Quienes quieren “avanzar” en el Consejo de la Magistratura, que son pocos pero corajudos, la tienen especialmente difícil en estos momentos.

Investigaciones por presuntos malos desempeños de varios jueces, como por ejemplo Rodolfo Canicoba CorralEduardo Farah, Ariel LijoMarcelo Martínez de Giorgi, pareciera que no van a ser resueltas prontamente.

Muchos consejeros olfatean un clima de “intento de tregua y meseta” entre la justicia y la política de cara a las elecciones de 2019, acompañado del poco interés de la opinión pública en estos temas, y tienen miedo de desentonar.

Los que sí buscan avanzar, lo hacen desde una posición de “fragilidad” frente al poder de los jueces y los diversos intereses que los sostienen.

Algunas fuentes judiciales dicen que las causas avanzan lento “porque el contexto cambió”.

Lejos quedó el clima que reinó en el Consejo de la Magistratura cuando destituyeron al juez Eduardo Freiler.  Los esfuerzos “republicanos” son, por estos días, más aislados y menos colectivos.

En manos de la consejera Adriana Donato están las cuatro acusaciones que pesan sobre Canicoba Corral y es probable que dentro de una semana alguna tímida novedad haya.

La suerte de los hermanos Lijo pareció, por momentos, depender especialmente del interés del ala “pragmática” de Cambiemos cuando había algún movimiento en la causa del Correo, en la que Lijo investiga a la familia presidencial.

En cambio, la investigación que tiene el consejero Leónidas Moldes por presuntos influencias en el voto de Eduardo Farah en el fallo que benefició a Cristóbal López está estancada.

Hay quienes leyendo el expediente sostienen que no estaba acreditada la conexidad y que se debía sortear.
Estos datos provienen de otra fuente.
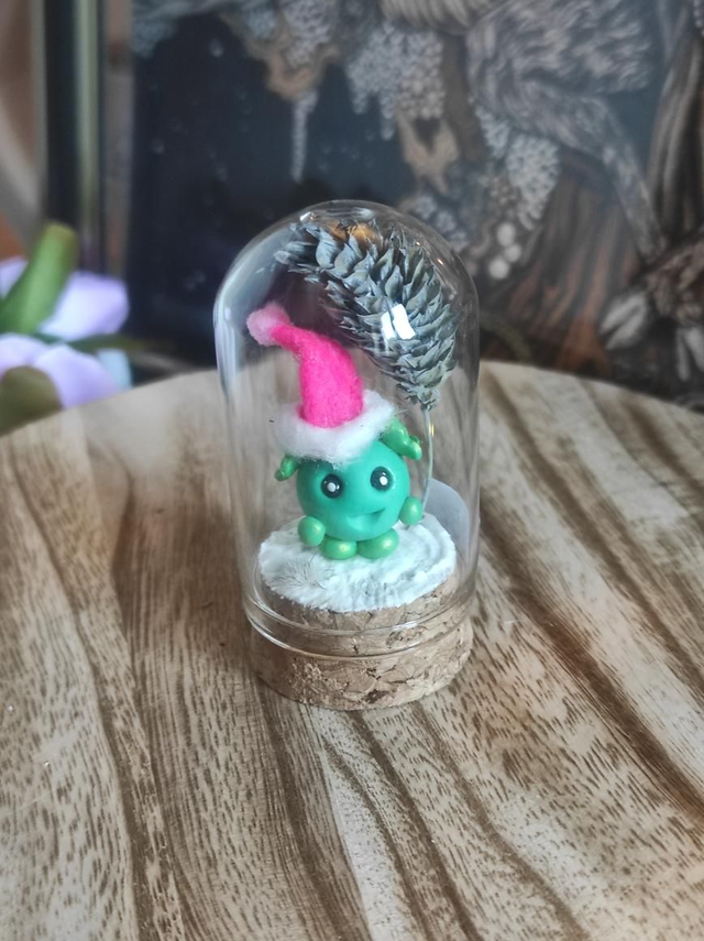 Présentée sous une cloche en verre d’environ 3 x 5 cm avec base en liège, cette création artisanale repose sur un décor en matériaux synthétiques, stabilisés ou séchés, ne nécessitant aucun entretien.
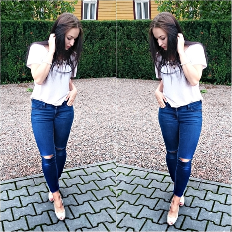 Chciałam tak dobrać stylizację aby czuć się swobodnie ale jednak zaakcentować okazję kolacji we dwoje. Dlatego też mój wybór padł na klasykę. T-shirt w kolorze nude i jeansy z dziurami.

Otros creen que sí se justificó la intervención de Farah en virtud de algunas resoluciones.  Lo cierto es que Moldes no concluyó nada aún y “maquillaron” el escándalo con el traslado del juez a otro tribunal.

Más allá de uno u otro esfuerzo, de uno u otro gesto, la promesa original de regeneración moral de Cambiemos permanece en pausa.

Tal como le dijo el fiscal del Lava Jato, Deltan Dallagnol, al colega Hugo Alconada Mon, en los casos de gran magnitud, contra personas poderosas, es imposible que personas con poder relativo puedan avanzar sin el apoyo de la sociedad.

En la Argentina de hoy eso parece una quimera.

A pesar de la enorme desconfianza ciudadana hacia la Justicia, la misma no se vuelca en  "compromiso" para que esto realmente cambie: las encuestas revelan que en el tope de las preocupaciones de los argentinos están la inflación, la seguridad y el empleo.

Y las movilizaciones son por estas razones y nunca por una mejor "Justicia".

El sistema puede quedarse tranquilo.